[Record excerpts Boundary: Start]
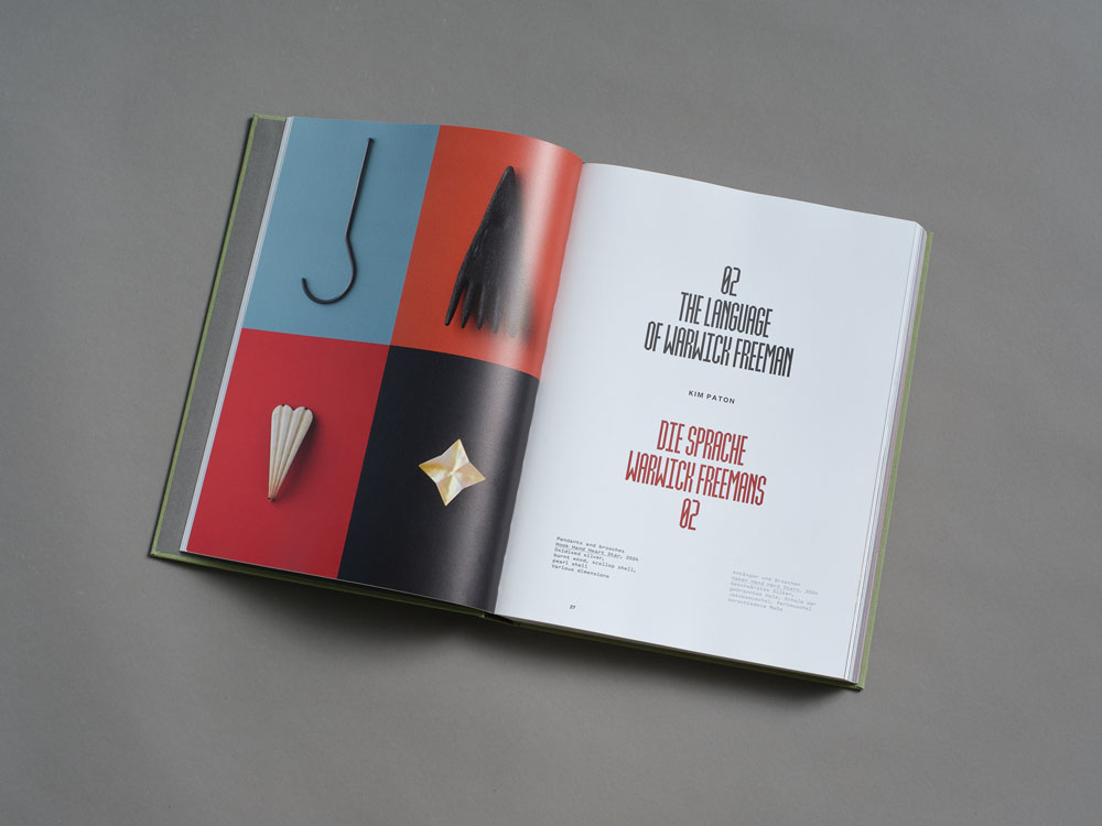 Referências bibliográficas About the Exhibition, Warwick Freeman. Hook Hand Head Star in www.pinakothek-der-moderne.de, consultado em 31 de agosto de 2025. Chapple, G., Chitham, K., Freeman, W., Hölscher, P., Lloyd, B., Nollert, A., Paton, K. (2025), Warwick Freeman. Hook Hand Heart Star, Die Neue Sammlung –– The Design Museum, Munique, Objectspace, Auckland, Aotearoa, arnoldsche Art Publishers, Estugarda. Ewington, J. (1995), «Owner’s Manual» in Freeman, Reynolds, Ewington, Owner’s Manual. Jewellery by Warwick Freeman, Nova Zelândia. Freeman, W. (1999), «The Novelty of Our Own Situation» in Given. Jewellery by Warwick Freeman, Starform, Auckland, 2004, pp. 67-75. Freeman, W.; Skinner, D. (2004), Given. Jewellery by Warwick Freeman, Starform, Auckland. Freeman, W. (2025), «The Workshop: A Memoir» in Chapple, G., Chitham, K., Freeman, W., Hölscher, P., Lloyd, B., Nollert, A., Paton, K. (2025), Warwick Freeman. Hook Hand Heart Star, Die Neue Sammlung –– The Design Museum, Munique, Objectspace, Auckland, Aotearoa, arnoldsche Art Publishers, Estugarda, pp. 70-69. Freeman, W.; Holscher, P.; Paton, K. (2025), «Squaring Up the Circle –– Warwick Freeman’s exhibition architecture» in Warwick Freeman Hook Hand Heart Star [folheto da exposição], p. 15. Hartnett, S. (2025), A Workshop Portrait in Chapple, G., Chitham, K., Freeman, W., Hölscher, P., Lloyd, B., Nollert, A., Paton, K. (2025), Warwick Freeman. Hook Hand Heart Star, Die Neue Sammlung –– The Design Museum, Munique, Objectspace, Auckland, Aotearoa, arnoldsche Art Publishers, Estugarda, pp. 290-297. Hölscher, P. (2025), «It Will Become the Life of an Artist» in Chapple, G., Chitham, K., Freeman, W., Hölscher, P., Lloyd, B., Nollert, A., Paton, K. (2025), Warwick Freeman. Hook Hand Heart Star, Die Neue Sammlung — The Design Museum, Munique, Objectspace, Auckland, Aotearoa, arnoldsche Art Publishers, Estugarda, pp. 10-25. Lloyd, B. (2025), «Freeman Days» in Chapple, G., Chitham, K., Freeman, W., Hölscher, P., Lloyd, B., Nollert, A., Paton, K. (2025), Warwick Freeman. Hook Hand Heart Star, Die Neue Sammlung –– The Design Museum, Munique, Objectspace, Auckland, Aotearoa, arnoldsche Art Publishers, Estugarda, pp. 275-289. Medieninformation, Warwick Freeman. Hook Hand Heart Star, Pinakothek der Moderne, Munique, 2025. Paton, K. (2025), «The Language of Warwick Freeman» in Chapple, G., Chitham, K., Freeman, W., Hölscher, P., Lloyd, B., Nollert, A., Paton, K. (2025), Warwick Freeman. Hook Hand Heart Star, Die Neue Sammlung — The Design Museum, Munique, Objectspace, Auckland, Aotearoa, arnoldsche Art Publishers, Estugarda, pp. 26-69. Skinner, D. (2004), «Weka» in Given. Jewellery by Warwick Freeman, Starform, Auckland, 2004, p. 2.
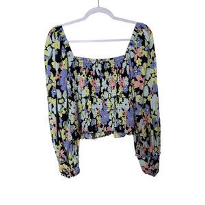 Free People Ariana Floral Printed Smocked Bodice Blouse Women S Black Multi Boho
[Record excerpts Boundary: End]
[Record excerpts Boundary: Start]
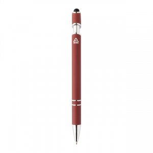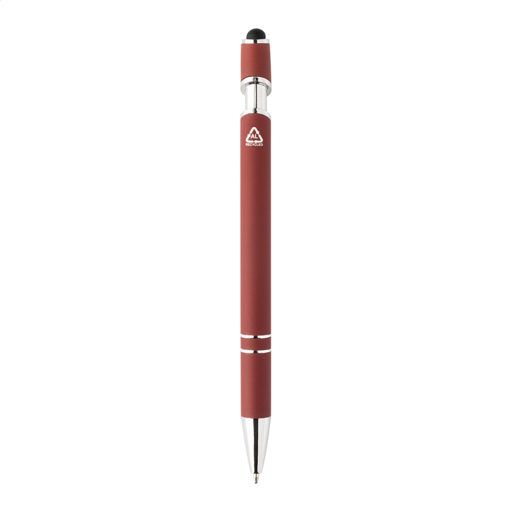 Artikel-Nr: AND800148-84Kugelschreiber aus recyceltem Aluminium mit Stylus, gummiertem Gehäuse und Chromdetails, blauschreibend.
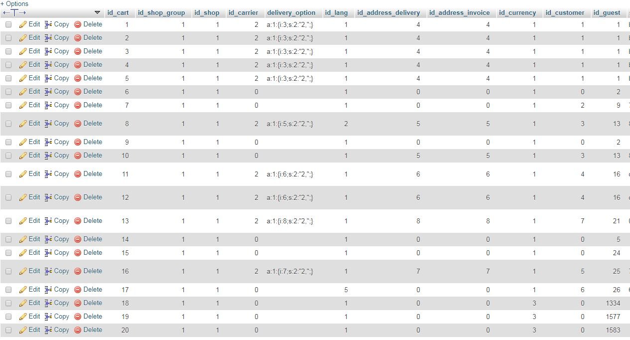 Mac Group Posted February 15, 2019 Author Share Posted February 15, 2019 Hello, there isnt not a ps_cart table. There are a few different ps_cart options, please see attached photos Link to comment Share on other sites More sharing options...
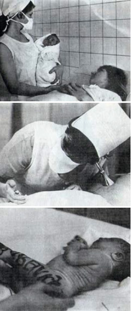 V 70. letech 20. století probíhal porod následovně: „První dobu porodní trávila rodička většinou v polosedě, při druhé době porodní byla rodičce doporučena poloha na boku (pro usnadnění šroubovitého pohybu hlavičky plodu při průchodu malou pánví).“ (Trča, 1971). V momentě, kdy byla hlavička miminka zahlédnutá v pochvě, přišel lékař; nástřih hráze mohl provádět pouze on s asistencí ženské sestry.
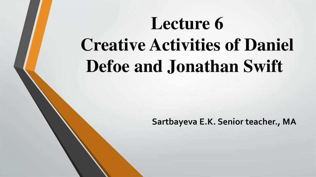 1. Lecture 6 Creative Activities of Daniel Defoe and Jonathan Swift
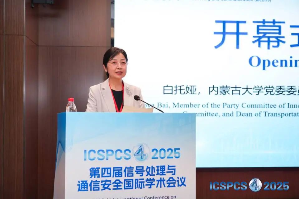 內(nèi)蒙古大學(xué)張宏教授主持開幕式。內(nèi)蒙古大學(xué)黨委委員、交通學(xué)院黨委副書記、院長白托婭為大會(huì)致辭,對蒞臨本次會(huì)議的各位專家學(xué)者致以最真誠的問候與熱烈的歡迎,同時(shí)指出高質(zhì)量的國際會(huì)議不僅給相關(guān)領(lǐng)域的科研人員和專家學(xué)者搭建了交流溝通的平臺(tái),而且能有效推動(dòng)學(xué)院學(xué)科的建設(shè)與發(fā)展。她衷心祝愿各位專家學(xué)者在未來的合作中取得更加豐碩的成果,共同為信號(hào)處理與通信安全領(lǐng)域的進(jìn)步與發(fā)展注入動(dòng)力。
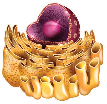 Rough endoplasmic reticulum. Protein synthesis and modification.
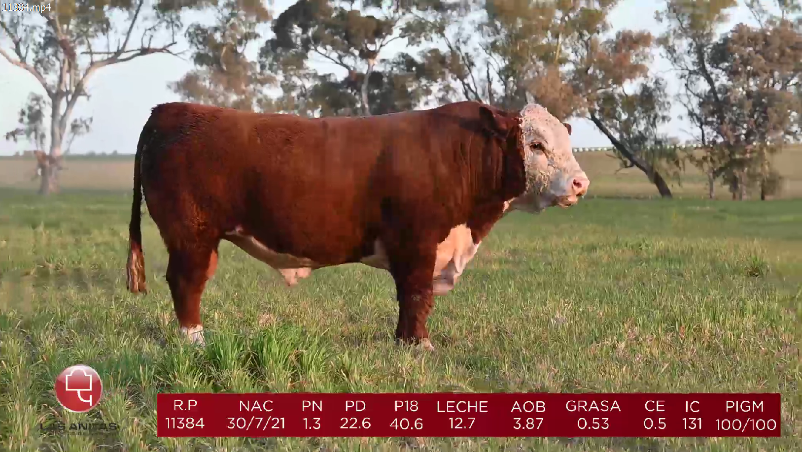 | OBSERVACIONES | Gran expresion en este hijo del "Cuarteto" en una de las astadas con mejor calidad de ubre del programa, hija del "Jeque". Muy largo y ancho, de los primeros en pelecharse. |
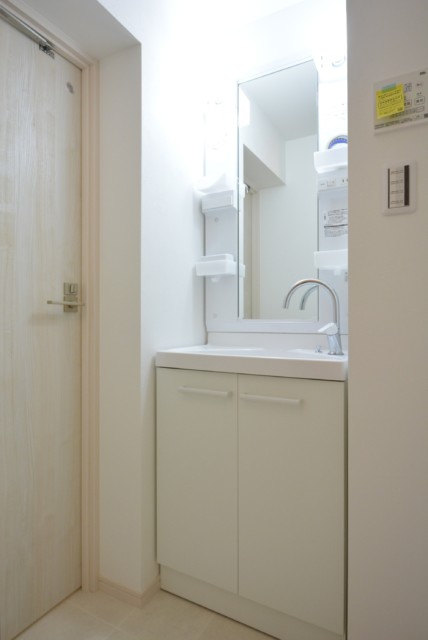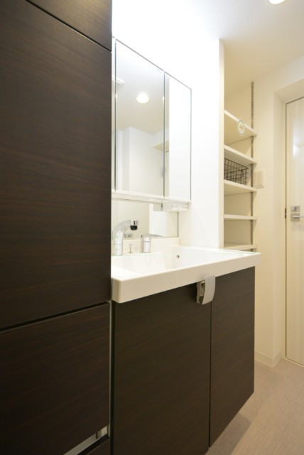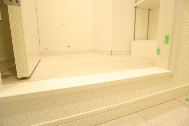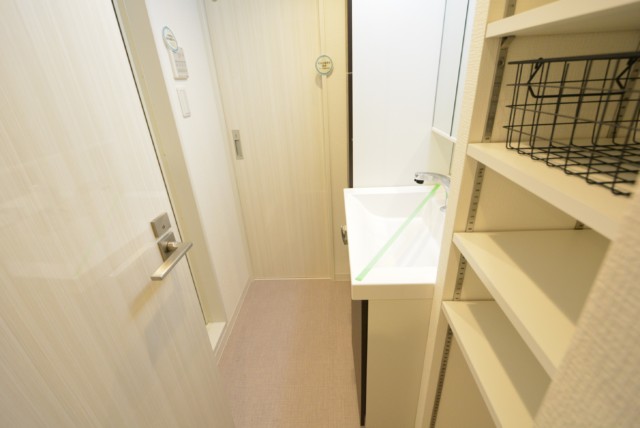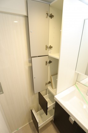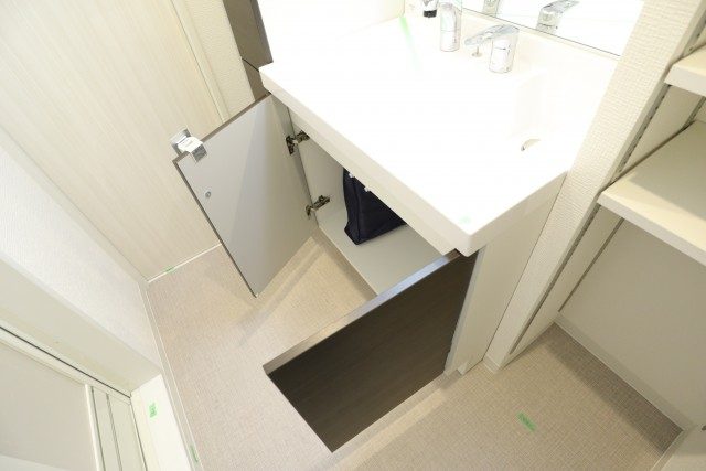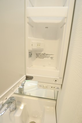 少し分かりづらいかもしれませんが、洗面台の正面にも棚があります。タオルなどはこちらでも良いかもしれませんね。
[Record excerpts Boundary: End]
= What is required =
Each line above that falls between the line with "Rough endoplasmic reticulum." and the line with "少し分かりづらいかもしれませ" should be printed exactly, together with those two lines, but the pictures should not.

= Solution to this exercise =
 Rough endoplasmic reticulum. Protein synthesis and modification.
 | OBSERVACIONES | Gran expresion en este hijo del "Cuarteto" en una de las astadas con mejor calidad de ubre del programa, hija del "Jeque". Muy largo y ancho, de los primeros en pelecharse. |
 少し分かりづらいかもしれませんが、洗面台の正面にも棚があります。タオルなどはこちらでも良いかもしれませんね。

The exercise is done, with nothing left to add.